自动驾驶-BEV检测篇四：PETR

hunter@@

已于 2024-06-21 10:52:19 修改

阅读量1.9k

点赞数 25

分类专栏：自动驾驶文章标签： python 开发语言

于 2024-06-18 14:04:35 首次发布

本文链接：https://blog.csdn.net/weixin_50206562/article/details/139577776

版权

自动驾驶专栏收录该内容

7 篇文章

订阅专栏

论文地址：PETR: Position Embedding Transformation for Multi-View 3D Object Detection

代码地址：https://github.com/megvii-research/PETR.

1、引言

PETR是DETR3D的改进版，也是3D目标检测的重要组成之一。不同于DETR3D根据object query预测N个3d中心点，然后利用相机参数将参考点反投影回图像，对2D图像特征进行采样，最后根据采样得到2D图像特征预测3D目标信息的解决方案。

PETR直接通过一个全局3D位置编码(3D PE)来进行信息嵌入，这么做的出发点是为了解决原本DETR3D进行2D到3D转换带来的参考点预测坐标不准确，采样特征超出目标区域以及全局特征学习不充分的问题。

注：总体来看，PETR也还是一个transformer结构的检测框架，其与DETR3D的主要区别在于使用3D PE进行位置编码，也就是图2的encoder的结构。

总体步骤如下：

（1）首先通过图像特征提取器，例如resnet50等，对不同视角的相机图像进行特征提取，形成一个 [bs,num_cams,Channels,H,W] 的tensor张量。

（2）之后，在像素平面使用坐标生成方法，生成一个 [W, H, D, 3] 的坐标网络coords，也就是图2 的3D Coordinates Generator 模块的Camera frustum space部分。可以看出它是一个分布均匀的网格空间，但是不是真实的视锥空间。

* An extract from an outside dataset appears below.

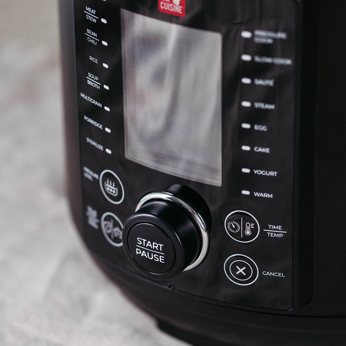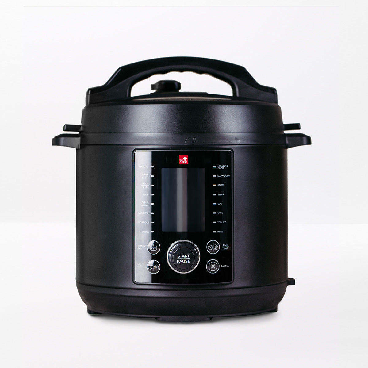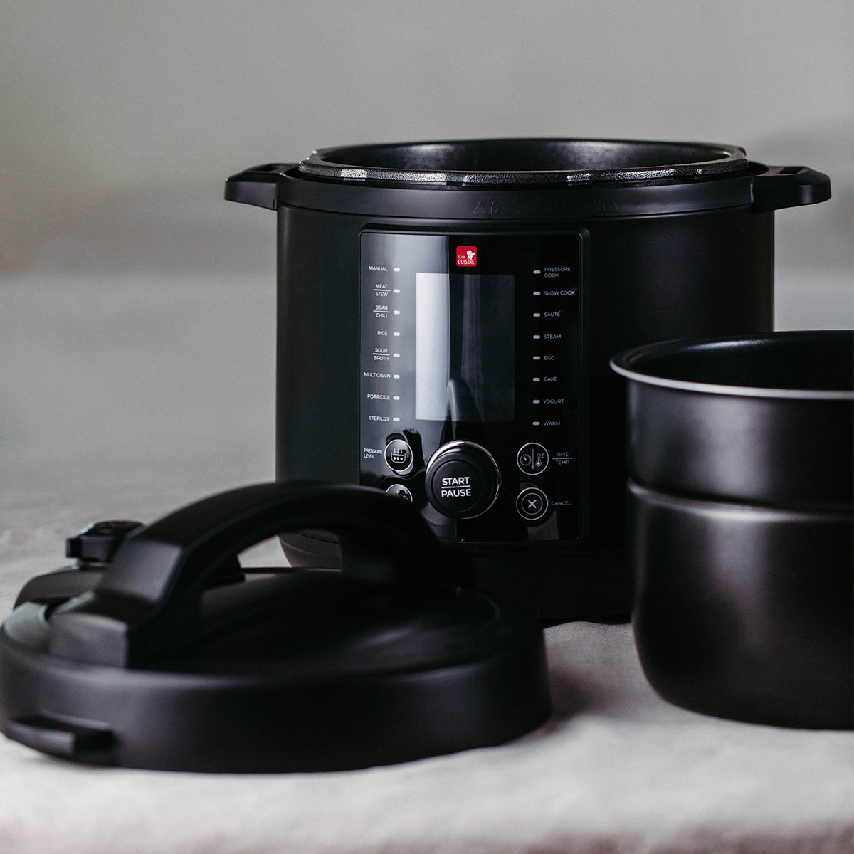 Der Dampfdrucktopf von TEAM CUISINE bietet mehr als 15 voreingestellte Modi: sauté, steam, warm, yoghurt, pressure cook, slow cook, niedrige und hohe Druckstufen für optimales Garen.

（3）通过相机的坐标变换矩阵将其转换到真实的3D World space空间中，shape保持不变，仍为[W, H, D, 3]。

（4）最后会通过一个全连接层对[W, H, D, 3]的点进行embedding，和(1)提取的图像特征相加，完成3D坐标信息的嵌入工作。

2、pipeline

2.1 3D Position Encoder

2.1.1 原理：

3D Position Encoder是PETR的核心创新点，其生成图像网格的方式和LSS一样，通过torch.arange函数生成长度分别为H,W,D，间隔为1的线性坐标，在将其stack起来，生成一个[H,W,D,3]的图像空间网格，也就是下图4的Camera Frustum Space空间。再concat一个全1的维度，将其转换为齐次坐标，并将其复制[B,N,1,1,1,1]份，也就是拓展到batch和num_cams维度(因为有多个相机)，此时Camera Frustum Space空间的3D网格坐标的shape应该为[B,N,H,W,D,3]。

之后就是最为关键的一步，乘以相机坐标系的转换矩阵（图3），将其转换到3D Geometric Volume空间。但是其shape不变，只是空间形状发生了改变，由原来的空间正方体转换为视锥体。

最后，会再进行一些归一化和范围约束操作，防止坐标点溢出边界。再对齐进行reshape，将维度改变为[B*N,D*3,H,W]，使用一个全连接层对这个D*3这个维度进行embedding，也就是进行位置编码。

注意:最后的特征全连接embedding十分重要。

从Position Embedding的结果来看，其实起到了一定的作用，论文中的一张可视化结果可以看出：

图6 主要是前视图的Positon Embedding信息，从左侧的FRONT PE上随机选择左中右三个点，可以看出前视图左边的点只和FRONT(前方)、FRONT RIGHT(右前)、FRONT LEFT(左前)的部分对应区域相关，和BACK(后方)、BACK RIGHT(右后方)、BACK LEFT(左后方)无关。(中间和右边的点也是如此)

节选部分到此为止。